Variants of uncertain significance
WES may lead to the identification of VUS; these are variants with unclear pathogenicity. Their frequency is currently unknown. VUS pose complex counseling challenges prenatally as well as postnatally . When the multidisciplinary team decides to disclose the VUS to the patient, they may experience confusion and anxiety, and their decisions relating to the pregnancy become more complex especially if the information is unexpected. Parental anxiety may be further compounded by the need to initiate additional testing and follow-up. This impacts on the healthcare system as well . Appropriate pre- and post-test counseling that addresses the various implications of identifying VUS is crucial to reduce this negative emotional impact on parents who choose to have WES for prenatal diagnosis. Although parents are generally keen to have access to as much information as possible about the genetics of their fetus, the majority feel cautious about receiving findings that have an uncertain meaning . One of the options for parents is to receive VUS at a later time, or not at all, depending on the judgment of a multidisciplinary team. As our understanding of prenatal genomics improves the likelihood and burden of VUS will decrease . The final clinical utility of WES and WGS depends on our knowledge and understanding of the role of genetic variants in disease.
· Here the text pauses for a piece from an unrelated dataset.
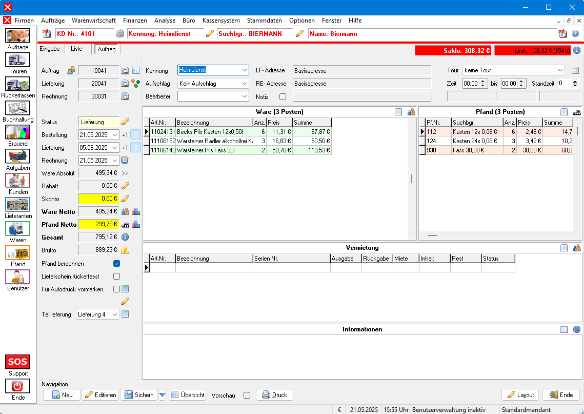 Für einfache Aufträge wird der Wechsel in den Status Rechnung im Statusdialog durchgeführt. Sofern in der Konfiguration der Buchhaltung aktiviert, wird nach dem Ausdruck der Rechnung eine Pfandfortschreibung ausgedruckt.

Secondary (or additional) findings are genetic alterations considered to be medically actionable but unrelated to the primary indication for testing (e.g., BRCA1 indicating increased risk for breast cancer). Currently in the UK there is no existing guidance that recommends the prospective identification of sequence variants of secondary significance in known disease-associated genes when testing is performed for a prenatal indication. Guidance issued by the ACMG relating to the use of genetic sequencing performed postnatally recommends that diagnostic laboratories actively look for and report on pathogenic variants in 59 genes predominantly related to cancer predisposition and cardiac disease . Patients recruited to the UK 100,000 Genome Project have been given the option to receive information on additional findings. Primary results are currently being returned to participants in this study, and in time secondary findings will also be fed back to participants who “opted in” to receiving this information. Insight into how this process is managed, and the implications for the families involved, will hopefully inform future best practice guidance relating to the management of secondary findings in the context of prenatal diagnostics.
ICFs are unexpected discoveries that are unrelated to the primary indication for testing and not medically actionable (e.g., childhood disorders). Currently, ICFs are unlikely to be reported, although guidance for the management of ICFs identified as a result of prenatal testing is not yet available. The use of trio prenatal sequencing approaches also has the potential to reveal both nonpaternity and parental consanguinity, adding a further dimension on the complexity of prenatal WES.